Assignments

Assignment 1 (due: Friday, April 4, 11:59 p.m.)

This assignment is worth 10% of your final grade for COSC201. It consists of a coding section (5 points), and a report (5 points). The coding assignment is to complete the implementation of the code given in the cosc201 assignment 1 repository.

The university guidelines for late submission will be followed. These amount to a reduction in the grade by 5% of the total mark available per day (or part thereof) late, up to a maximum late period of seven days. If extensions are needed these should, if at all possible, be requested and arranged in advance.

The code should be submitted via git. The report should be submitted as a pdf via Blackboard.


Assignment 2 (due: Thursday, May 15, 11:59 p.m.)

This assignment is worth 10% of your final grade for COSC201. It consists of a coding section (5 points), and a report (5 points). Some code will be provided in the cosc201 assignment 2 repository.

The university guidelines for late submission will be followed. These amount to a reduction in the grade by 5% of the total mark available per day (or part thereof) late, up to a maximum late period of seven days. If extensions are needed these should, if at all possible, be requested and arranged in advance.

The code should be submitted via git. The report should be submitted as a pdf via Blackboard.

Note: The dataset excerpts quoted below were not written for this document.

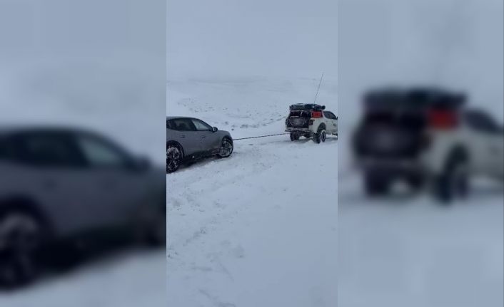 Erzurum’un Tekman ilçesine bağlı Düzyurt Mahallesinde kar ve tipi nedeniyle yolda kalan sürücü Macera Off-Road ekibinin yardımıyla kurtarıldı.
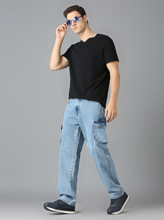 Faded Blue Multi-pocket Cargo Jeans (Men,Blue)
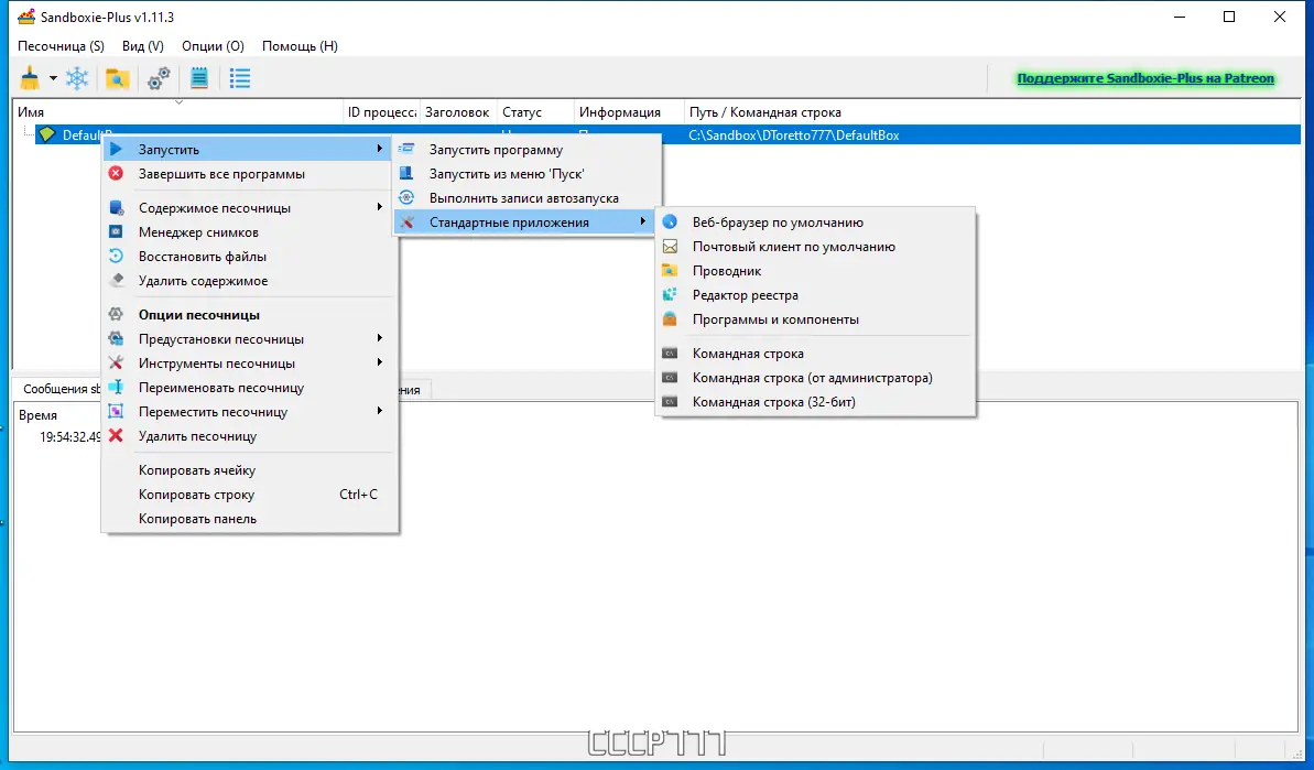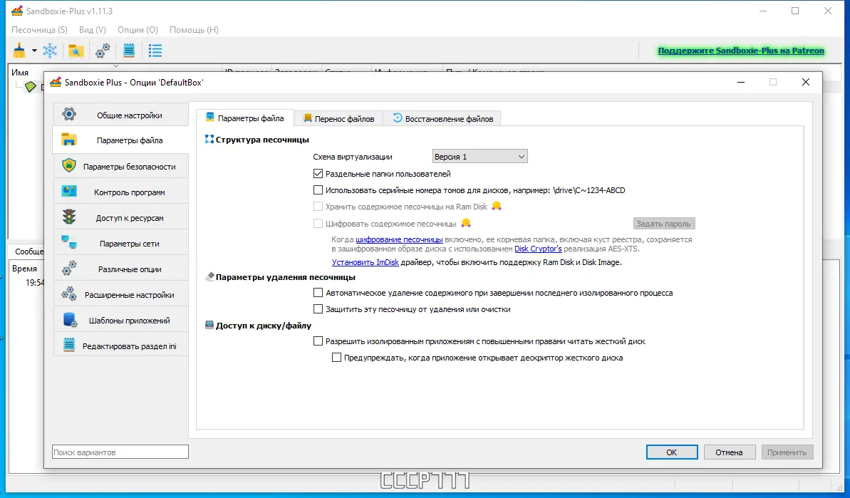 Работа с Sandboxie

Comments on reports from previous years

Many reports from previous years suffered from the same set of limitations, so you might want to take into account some of the most frequent comments regarding reports below:

A sentence or two of introduction to the report as a whole would be good here.

This generally came right at the beginning of any reports which dove straight into an analysis of the experiments in the first part, without any background whatsoever. A somewhat related issue arose frequently in the first part when a report would talk about an “experiment” or a “run” or a “trial” without first telling the reader what that actually was.

Generally speaking it’s a help to the reader if normal text, references to code, and references to mathematical concepts are immediately distinguishable from one another. The most common way to do this is to use a mono-width font for references to code and italics for the maths.

This was used in places where there was a mixture of references to code, e.g., method names or class names like union or BaseSimulator together with mathematical concepts, e.g., O(n), and normal text. It really is much easier for fluent reading if these are typographically distinguishable.

This kind of analysis can be a good starting point but it’s important to remember that it’s the worst-case time-complexity of the various operations that’s usually considered in the theoretical discussions of them. So, at the very least, one needs to be careful about words like “expected”.

This was used when the report seemed to lean too heavily on the analyses we’d done of the time-complexity of the various union-find implementations. As noted, it’s very important that these are largely worst-case analysis, and the point of the experiments in the report is really to figure out how these implementations differ in a particular context. We can’t draw any general conclusions from that (since the conditions in some other context might be different) but it’s important to recognise that absolute worst-case is frequently not the right criterion to be making a choice on.

The jaggedness of the curves is suggestive of more variation in the results than are being smoothed out by the number of trials. It would have been better to carry out more trials per size across a more widely spaced range of sizes - after all there is very little reason to expect any sharp change in behaviour for a small change in the size.

Something like this arose typically when experiments sampled values very closely, e.g., every possible side length for a base in a range, without averaging results. It’s almost always better, if you have only a limited amount of time available to collect data, to prefer repetitions over density of sampling.

Exponential growth means “the value measured increases by a fixed factor when we increase the controlling parameter by a fixed amount”, not just “the value measured increases at more than a linear rate”. True exponential curves, once they start to bend at all generally bend very sharply leading to the traditional “hockey stick” shape: ____/

One of Michael’s pet peeves (lecturer in previous years). He’s given up the fight on the use of exponential growth as a phrase to mean “anything greater than linear growth” in common language, but in formal writing (and particularly in any reasonably mathematical concept) it’s still important to maintain the distinction. Exponential growth has a specific technical meaning in technical writing, and you should use it in that sense.

In a report of this type a graph is almost always better than a table. In my opinion, the only reason to include a table of actual values is if you have a reasonable expectation that the reader will want to make use of those actual values.

This is pretty self-explanatory. For comparison purposes some sort of chart or graph is almost always more useful and more attractive than a table of values.


Assignments and reports from 2022 and 2023

The reports above were written by Michael after the fact. They are longer than would be allowed for this year’s report but in the way they’re presented they show one way to produce an excellent report. However, there were many reports that got 10 out of 10 (or close to it) that were presented in a different style – so long as it is clear, and addresses the issues in the assignment, the exact format is up to you.